A move to another country is a very significant life decision. A “Green Card” is actually a “permanent resident” immigrant visa. A U.S. “permanent resident” visa comes with significant opportunities and significant responsibilities. Permanent resident visa for immigration purposes: The visa is valid for immigration purposes only as long as the person retains the subjective intent to live permanently in the United States. Permanent resident visa for tax purposes: Under United States law, one’s status for immigration purposes is different from one’s status for tax purposes. Generally the rules for “tax residence” are found in Internal Revenue Code Sec. 7701(b).
What follows is my answer on Quora that considers the “benefits and burdens” of the Green Card. I suggest that you read all answers to this question. Read John Richardson's answer to What are the benefits of getting a "green card"? How has your life changed after being a green card holder? on Quora
But, wait! There’s more. If you have the Green Card for 8 years or more, you can’t leave the United States without being subject to the S. 877A Exit Taxes. Read John Richardson's answer to Must one pay U.S. exit tax on foreign assets? on Quora
Introduction – Where this post came from …
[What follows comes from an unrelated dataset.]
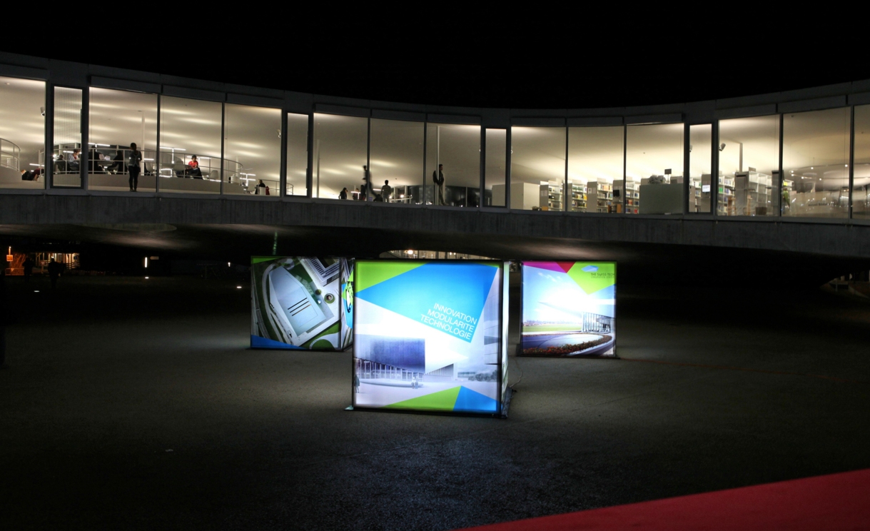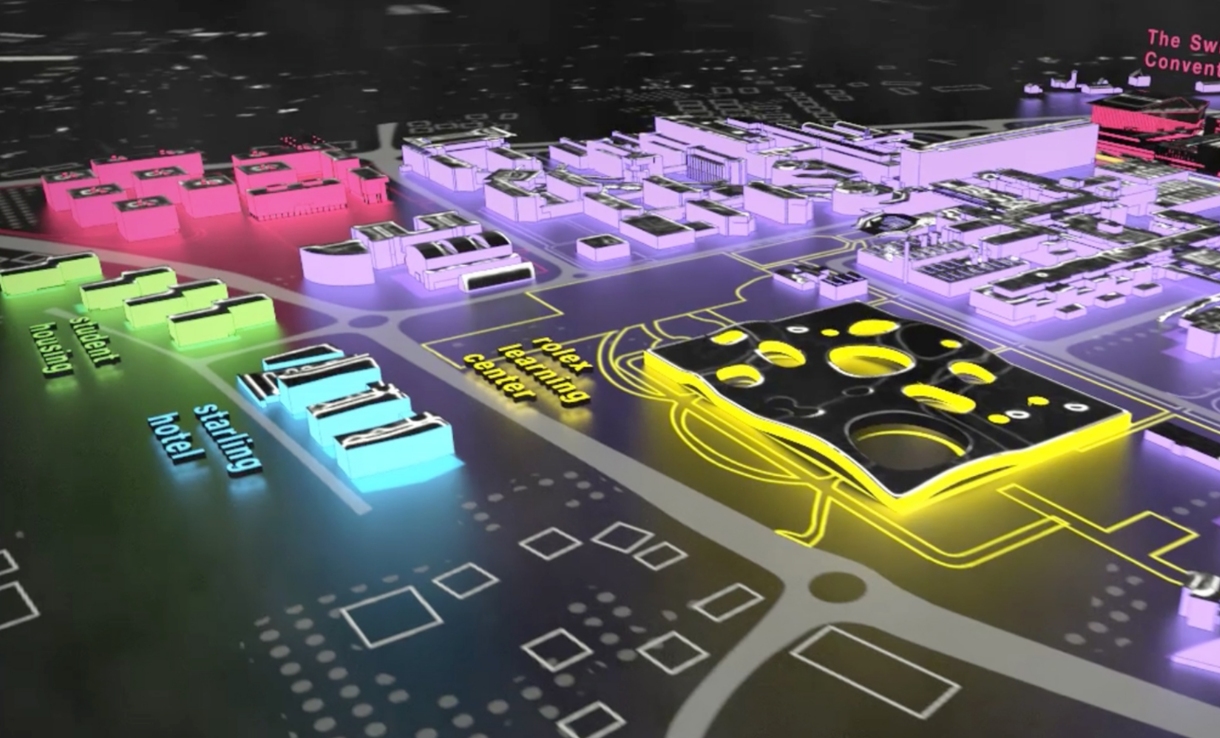 Avant la construction de son centre de convention, le Swiss Tech Convention Center, l'EPFL avait la nécessité d'avoir des outils lui permettant d'en faire la promotion à l'international. Inspiré par la forme très caractéristique du bâtiment et par sa modularité, le logo est déclinable en différentes formes et couleurs. Divers supports de communication ont été réalisés, toujours sur ces mêmes principes.

In July of 2018 I moderated a discussion on “tax residency”. The discussion was at an immigration conference in Los Angeles that was primarily focused on the EB-5 program. The EB-5 program will lead to a Green Card (meaning that one becomes a permanent resident of the United States).
Here is a video of the discussion. Some parts are audible and others not. But, I decided to create a post which focuses on the issues discussed. Introduction to the world of Global Mobility
Global mobility is the norm in the 21st century. The United States, Canada and Australia are prime destinations for those seeking “permanent residency” and ultimately a second “citizenship”. Canada has been a pioneer in investor immigration. The United States has long been an area of prime interest. It is important to distinguish between “residency” for immigration purposes (are you legally allowed to live in a country) from “residency” for tax purposes (to what extent are you subject to taxation in the country).
Once you have become a “permanent resident” under the immigration laws, you will have become a “tax resident” under the tax laws. Tax residency in a CRS and FATCA world has become increasingly important. I have previously discussed OECD definitions of tax residency.
There are many “citizenship and/or residency by investment” programs. One example is Portugals’s Golden Visa Program.
The purpose of this post is to create awareness of some aspects of what it means to become a “tax resident” of the United States. When a non-citizen becomes a U.S. “permanent resident” (for immigration purposes), one becomes a “tax resident” of the United States. Once a “tax resident” of the United States (1) very specific procedures must be followed to sever “U.S. tax residency” and (2) “long term residents” will be subject to the S. 877A Exit Tax rules.
If you are a “tax resident” of a country, it is important to understand the tax rules. This is particularly true when considering becoming a “permanent resident” and “tax resident” of the United States. Continue reading →
The Internal Revenue Code of the United States imposes worldwide income taxation on ALL individuals who are U.S. citizens or who are otherwise defined as “residents” under the Internal Revenue Code. “Residents” includes those who have a visa for “permanent residence” (commonly referred to as a Green Card). A visa for “permanent residence” is a visa for immigration purposes. Once an individual receives a visa for “permanent residence” he will be considered to be a “resident” under the Internal Revenue Code. His status as a “resident” for tax purposes continues until he fulfills specific conditions to sever his “tax residency” with the United States. The conditions required to sever “tax residency” with the United States are found in S. 7701 of the Internal Revenue Code. (Basically a Green Card holder can’t simply move from the United States and sever tax residency.)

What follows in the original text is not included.